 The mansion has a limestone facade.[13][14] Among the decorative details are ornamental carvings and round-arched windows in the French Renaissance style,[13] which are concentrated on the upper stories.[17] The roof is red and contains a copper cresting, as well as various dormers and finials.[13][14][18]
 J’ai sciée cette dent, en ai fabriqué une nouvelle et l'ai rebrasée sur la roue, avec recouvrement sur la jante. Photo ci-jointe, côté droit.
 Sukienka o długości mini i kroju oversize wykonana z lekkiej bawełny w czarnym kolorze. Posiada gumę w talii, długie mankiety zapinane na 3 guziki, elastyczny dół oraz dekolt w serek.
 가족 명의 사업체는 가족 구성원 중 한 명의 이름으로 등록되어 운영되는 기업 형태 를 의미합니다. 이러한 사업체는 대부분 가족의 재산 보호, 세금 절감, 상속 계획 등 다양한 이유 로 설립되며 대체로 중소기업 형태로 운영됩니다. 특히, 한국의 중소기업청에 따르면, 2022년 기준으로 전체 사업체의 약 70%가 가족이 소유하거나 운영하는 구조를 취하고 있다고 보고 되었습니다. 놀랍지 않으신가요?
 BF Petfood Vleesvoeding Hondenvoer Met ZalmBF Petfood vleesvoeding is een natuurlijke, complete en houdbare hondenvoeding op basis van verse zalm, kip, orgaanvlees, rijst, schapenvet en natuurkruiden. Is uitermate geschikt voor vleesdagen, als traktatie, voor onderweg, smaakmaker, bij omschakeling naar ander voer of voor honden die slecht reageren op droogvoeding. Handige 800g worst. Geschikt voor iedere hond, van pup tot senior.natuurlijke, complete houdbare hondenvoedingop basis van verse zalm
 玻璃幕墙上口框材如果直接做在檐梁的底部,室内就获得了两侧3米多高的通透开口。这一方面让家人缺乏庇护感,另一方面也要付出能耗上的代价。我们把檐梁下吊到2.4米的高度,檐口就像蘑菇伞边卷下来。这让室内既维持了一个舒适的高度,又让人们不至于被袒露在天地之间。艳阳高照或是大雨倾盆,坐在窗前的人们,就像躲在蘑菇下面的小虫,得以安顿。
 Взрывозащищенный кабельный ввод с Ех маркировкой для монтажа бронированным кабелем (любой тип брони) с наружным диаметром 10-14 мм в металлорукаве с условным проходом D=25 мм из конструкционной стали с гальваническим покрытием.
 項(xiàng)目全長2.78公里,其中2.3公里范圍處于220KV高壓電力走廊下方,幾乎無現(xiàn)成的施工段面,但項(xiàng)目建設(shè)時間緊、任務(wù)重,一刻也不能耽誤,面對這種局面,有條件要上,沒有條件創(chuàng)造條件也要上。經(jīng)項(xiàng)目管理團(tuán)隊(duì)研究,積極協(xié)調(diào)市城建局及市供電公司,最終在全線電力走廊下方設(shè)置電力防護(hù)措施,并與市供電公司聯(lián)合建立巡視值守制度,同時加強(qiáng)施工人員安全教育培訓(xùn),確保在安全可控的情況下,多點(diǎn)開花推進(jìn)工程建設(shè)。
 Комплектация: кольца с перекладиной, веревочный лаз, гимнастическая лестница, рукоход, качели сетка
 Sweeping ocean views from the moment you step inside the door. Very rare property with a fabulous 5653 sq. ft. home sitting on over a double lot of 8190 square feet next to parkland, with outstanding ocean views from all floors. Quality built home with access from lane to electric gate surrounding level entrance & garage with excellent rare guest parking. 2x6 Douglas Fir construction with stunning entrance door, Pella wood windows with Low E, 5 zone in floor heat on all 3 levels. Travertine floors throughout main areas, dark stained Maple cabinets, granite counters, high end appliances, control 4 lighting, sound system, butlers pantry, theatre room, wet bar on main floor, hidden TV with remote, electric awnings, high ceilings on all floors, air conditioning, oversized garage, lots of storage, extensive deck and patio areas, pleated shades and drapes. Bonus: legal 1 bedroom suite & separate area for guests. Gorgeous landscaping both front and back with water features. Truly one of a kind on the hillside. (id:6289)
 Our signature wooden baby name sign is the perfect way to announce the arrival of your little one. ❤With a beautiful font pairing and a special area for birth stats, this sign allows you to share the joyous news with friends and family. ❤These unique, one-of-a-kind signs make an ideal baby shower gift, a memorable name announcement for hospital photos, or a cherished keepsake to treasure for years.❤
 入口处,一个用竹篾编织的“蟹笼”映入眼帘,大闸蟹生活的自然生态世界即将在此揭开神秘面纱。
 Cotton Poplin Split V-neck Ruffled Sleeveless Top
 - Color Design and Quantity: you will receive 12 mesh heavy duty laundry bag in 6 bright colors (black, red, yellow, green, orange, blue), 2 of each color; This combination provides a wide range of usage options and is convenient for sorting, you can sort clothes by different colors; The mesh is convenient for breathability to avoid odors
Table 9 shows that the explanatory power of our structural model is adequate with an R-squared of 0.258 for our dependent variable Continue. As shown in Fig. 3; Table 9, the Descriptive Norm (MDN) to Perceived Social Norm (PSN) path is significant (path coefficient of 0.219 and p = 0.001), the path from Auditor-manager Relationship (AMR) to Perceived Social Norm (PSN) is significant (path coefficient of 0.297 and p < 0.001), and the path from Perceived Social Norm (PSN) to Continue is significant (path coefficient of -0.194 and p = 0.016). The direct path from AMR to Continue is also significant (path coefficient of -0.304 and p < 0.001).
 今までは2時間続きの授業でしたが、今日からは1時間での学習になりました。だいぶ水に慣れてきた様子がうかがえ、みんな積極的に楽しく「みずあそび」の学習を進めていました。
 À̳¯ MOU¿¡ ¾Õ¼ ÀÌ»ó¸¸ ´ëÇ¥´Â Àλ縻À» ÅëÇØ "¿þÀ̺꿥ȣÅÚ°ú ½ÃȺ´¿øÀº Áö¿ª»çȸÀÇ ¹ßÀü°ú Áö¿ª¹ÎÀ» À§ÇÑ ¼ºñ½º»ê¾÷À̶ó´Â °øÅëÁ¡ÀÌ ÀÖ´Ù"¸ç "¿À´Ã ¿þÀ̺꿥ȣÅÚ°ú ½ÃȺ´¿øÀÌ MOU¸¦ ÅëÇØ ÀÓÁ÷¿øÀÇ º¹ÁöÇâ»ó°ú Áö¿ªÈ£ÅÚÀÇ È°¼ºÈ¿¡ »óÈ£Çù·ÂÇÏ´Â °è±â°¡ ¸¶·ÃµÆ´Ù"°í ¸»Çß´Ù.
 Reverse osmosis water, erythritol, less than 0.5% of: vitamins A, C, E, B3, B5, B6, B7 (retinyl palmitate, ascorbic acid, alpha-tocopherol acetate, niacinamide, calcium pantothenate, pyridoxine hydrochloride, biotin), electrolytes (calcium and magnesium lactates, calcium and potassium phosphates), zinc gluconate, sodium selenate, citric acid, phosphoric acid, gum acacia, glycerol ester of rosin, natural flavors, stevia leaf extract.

### [DIRECTIONS FOR THIS TASK]
Would you copy each line of the records that contains "from"?

### [YOUR SOLUTION]
 Sweeping ocean views from the moment you step inside the door. Very rare property with a fabulous 5653 sq. ft. home sitting on over a double lot of 8190 square feet next to parkland, with outstanding ocean views from all floors. Quality built home with access from lane to electric gate surrounding level entrance & garage with excellent rare guest parking. 2x6 Douglas Fir construction with stunning entrance door, Pella wood windows with Low E, 5 zone in floor heat on all 3 levels. Travertine floors throughout main areas, dark stained Maple cabinets, granite counters, high end appliances, control 4 lighting, sound system, butlers pantry, theatre room, wet bar on main floor, hidden TV with remote, electric awnings, high ceilings on all floors, air conditioning, oversized garage, lots of storage, extensive deck and patio areas, pleated shades and drapes. Bonus: legal 1 bedroom suite & separate area for guests. Gorgeous landscaping both front and back with water features. Truly one of a kind on the hillside. (id:6289)
Table 9 shows that the explanatory power of our structural model is adequate with an R-squared of 0.258 for our dependent variable Continue. As shown in Fig. 3; Table 9, the Descriptive Norm (MDN) to Perceived Social Norm (PSN) path is significant (path coefficient of 0.219 and p = 0.001), the path from Auditor-manager Relationship (AMR) to Perceived Social Norm (PSN) is significant (path coefficient of 0.297 and p < 0.001), and the path from Perceived Social Norm (PSN) to Continue is significant (path coefficient of -0.194 and p = 0.016). The direct path from AMR to Continue is also significant (path coefficient of -0.304 and p < 0.001).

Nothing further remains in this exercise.